Никогда прежде Виттерштейну не приходилось так работать. Мыслей в голове не осталось вовсе, они все растворились, сделались не нужны, потому что тело, точно одержимое, работало само, совершая десятки сложнейших действий в секунду. Надпочечники… Опять падает давление!
Надо перекрыть раневой канал, но стоит только оторваться от сердца, и оно перестанет сокращаться. Черное тоттмейстерское сердце, ритмично бьющаяся опухоль…
Легкие снова наполняются кровью. Печень не справляется со своей работой. Шить, сращивать, крепить. Давление падает, уже на критической отметке. Значит — закрыть на секунду глаза — и снова работать. Соединять ткань. Заставлять внутренние железы работать. Принуждать сердце вновь и вновь сокращаться. Давить на него, выжимать из него отравленную кровь.
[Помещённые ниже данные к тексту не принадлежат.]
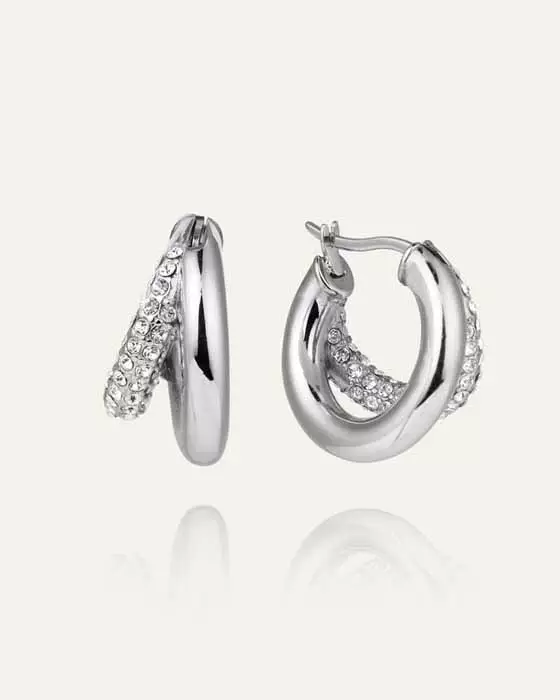 Mockberg x Kenza Raya on upea korupari, jossa yhdistyy klassinen muotoilu ja moderni säihke. Nämä hopeanväriset korvarenkaat on valmistettu laadukkaasta ruostumattomasta teräksestä, ja niiden pintaa koristavat kauniit, valoa taittavat zirkonia-korukivet. 20 mm kokoiset renkaat ovat näyttävät mutta silti kevyet käyttää. Korvakoruissa on kätevä saranakiinnitys.

Он сращивал ткани печени, быстро и аккуратно, точно вел шов на швейной машинке. Каким-то чудом восстановил вену, хотя был уверен, что никогда этого не сумеет. Кровоток слабый, давление еле-еле, но человек на операционном столе все еще жив. Удивительно. С успешной операцией вас, профессор…
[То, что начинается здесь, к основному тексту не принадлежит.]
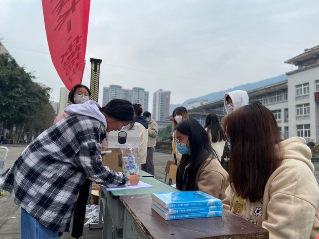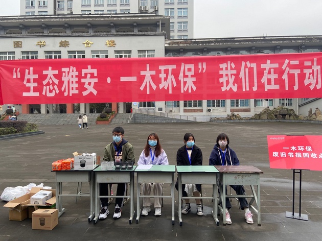 书籍是人类进步的阶梯。12月8日,太阳集团tyc33455在青年路校区图书综合楼前成功开展了以“生态雅安·一木环保”为主题的图书捐赠活动。同学们踊跃报名,积极参加。

Впрочем, все еще далеко не закончено.
Виттерштейн отключился от внешнего мира, лишь изредка, в редкие секунды передышки, выныривая из тоттмейстерского тела. В эти моменты он слышал, как на поверхности работали люди. Слышал звон кирок и заступов. Слышал усталый стон деревянных перекрытий. Эти звуки проникали в его сознание, как траншейные вши в шинель, незаметно. Он осознавал их, но в то же время не понимал их значения, не испытывал радости.